2. Close up paha, buah dada, pantat, pusat dan alat vital lainnya,
baik dengan penutup maupun tanpa tutup.
3. Adegan ciuman yang merangsang, oleh pasangan berlainan
atau sesama jenis, seperti ciuman dengan lidah, menjilat-jilat
bagian tubuh dan mencium gambar atau benda yang dilakukan
dengan penuh birahi.
4. Adegan, gerakan, suara atau memberi kesan persenggamaan,
oleh manusia atau hewan, dalam sikap bagaimanapun, secara
terang-terangan maupun terselubung.
5. Gerakan atau perbuatan onani, lesbian, homo dan oral seks.
6. Adegan melahirkan, baik manusia maupun binatang.

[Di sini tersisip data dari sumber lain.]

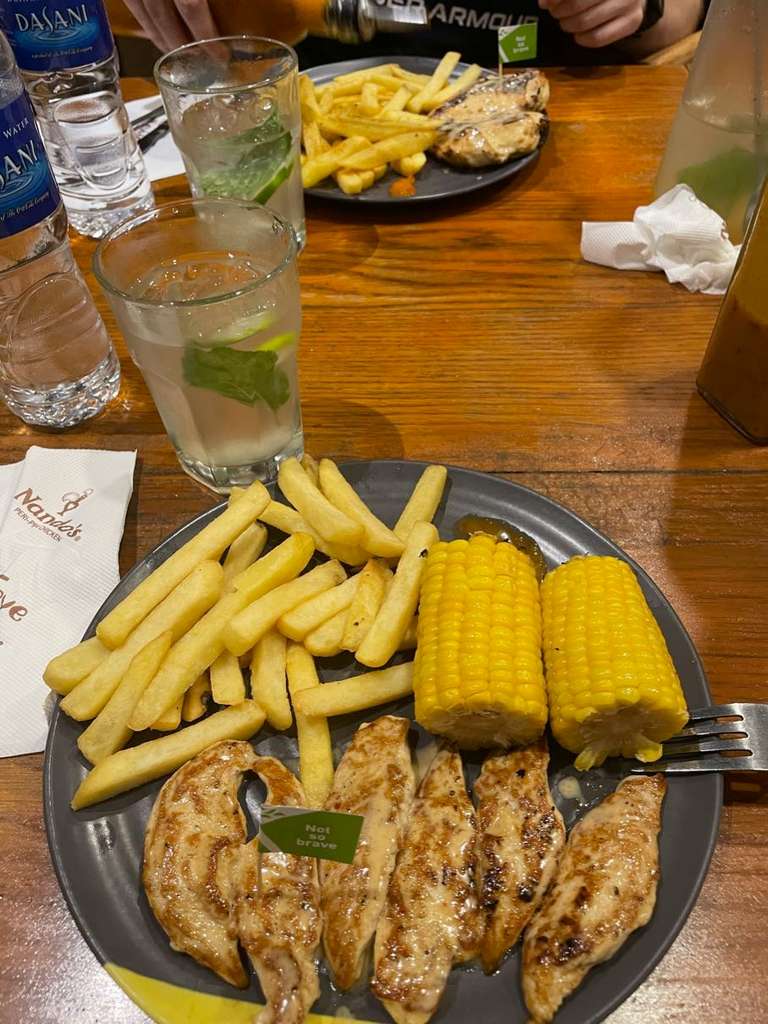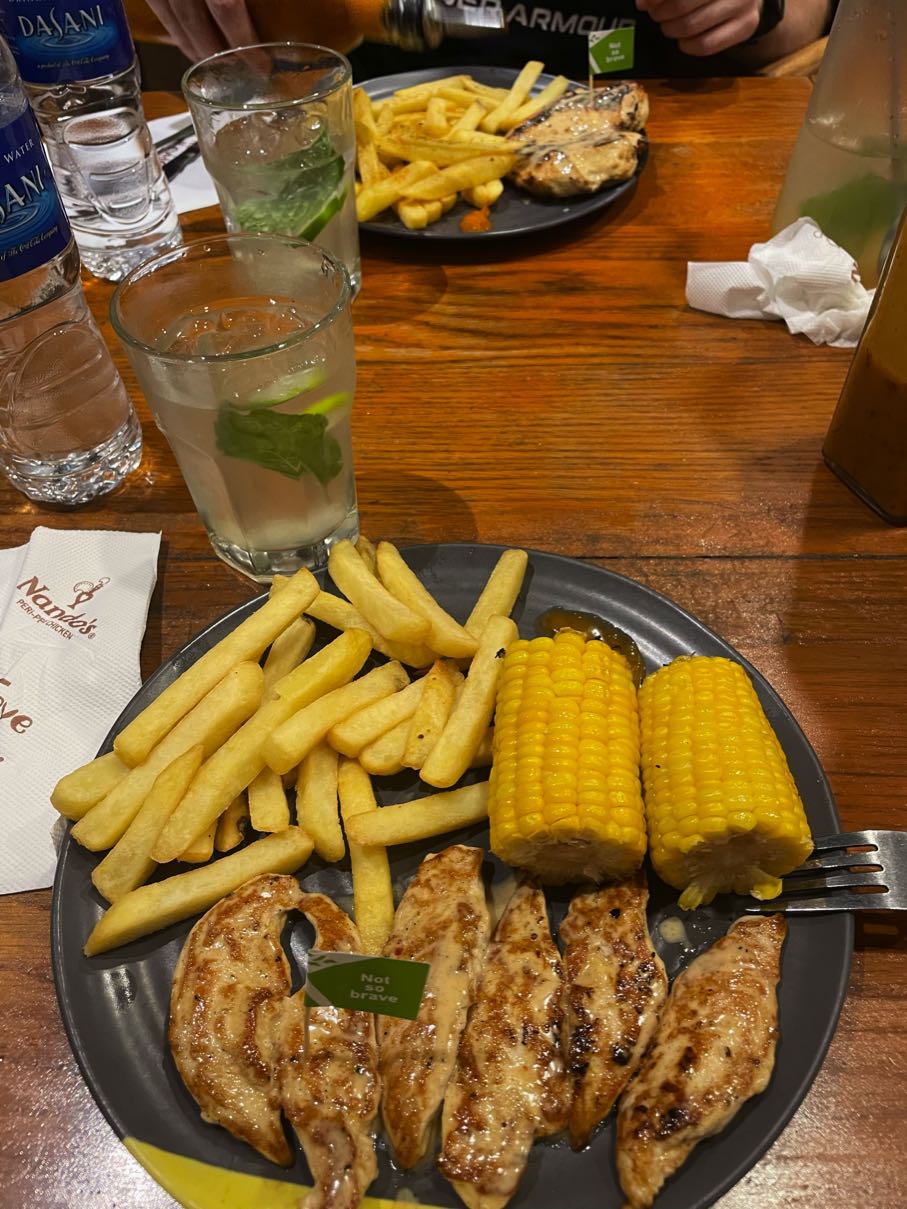 Efter lunchen kÀnde vi Äter igen att det inte var vÄr dag, sÄ vi gick tillbaka till hotellet och somnade. Efter den vÀlbehövliga tuppluren pÄ minst 3 timmar kÀnde vi att vi skulle försöka ge oss ut för middag pÄ Nandos, en sydafrikansk kyckling-restaurang som frÀmst Àr populÀr i England. Maten vi fick sÄg lite sorglig ut, men det var faktiskt rÀtt gott. Eftersom det Àr lördag verkar det dock vara peak underhÄllning att gÄ ut och shoppa, sÄ det var otroligt mycket trÀngsel, vilket vi inte heller var redo för, sÄ nu Àr vi pÄ hotellet igen och ser fram emot en till god natts sömn!
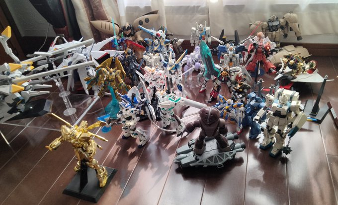 1 4 #ガンプラ 今飾ってある一軍の子達、お掃除用に1箇所に集合。 埃が…… 地震で倒れた時?の破損やらポロリが……今日中に終わるかな…… 22/10/30 11:52

7. Menampilkan alat-alat kontrasepsi tidak sesuai dengan fungsi
dan tidak pada tempatnya.
8. Adegan yang menimbulkan kesan jijik, jorok dan tidak
Dengan ketentuan tersebut, jelas mana yang dianggap
porno dan harus ditindak dan mana yang bisa ditolerir. Sehingga,
tidak ada alasan bahwa yang dilakukan itu belum bisa dikatakan
porno sebab belum telajang bulat atau yang lain. Akhirnya, bila
masih ada yang tetap ngotot, maka tidak ada lain bagi kita
kecuali mempertanyakan keloyalan dan pemahaman mereka
pada Pancasila dan ajaran agamanya. Walahu a’lam.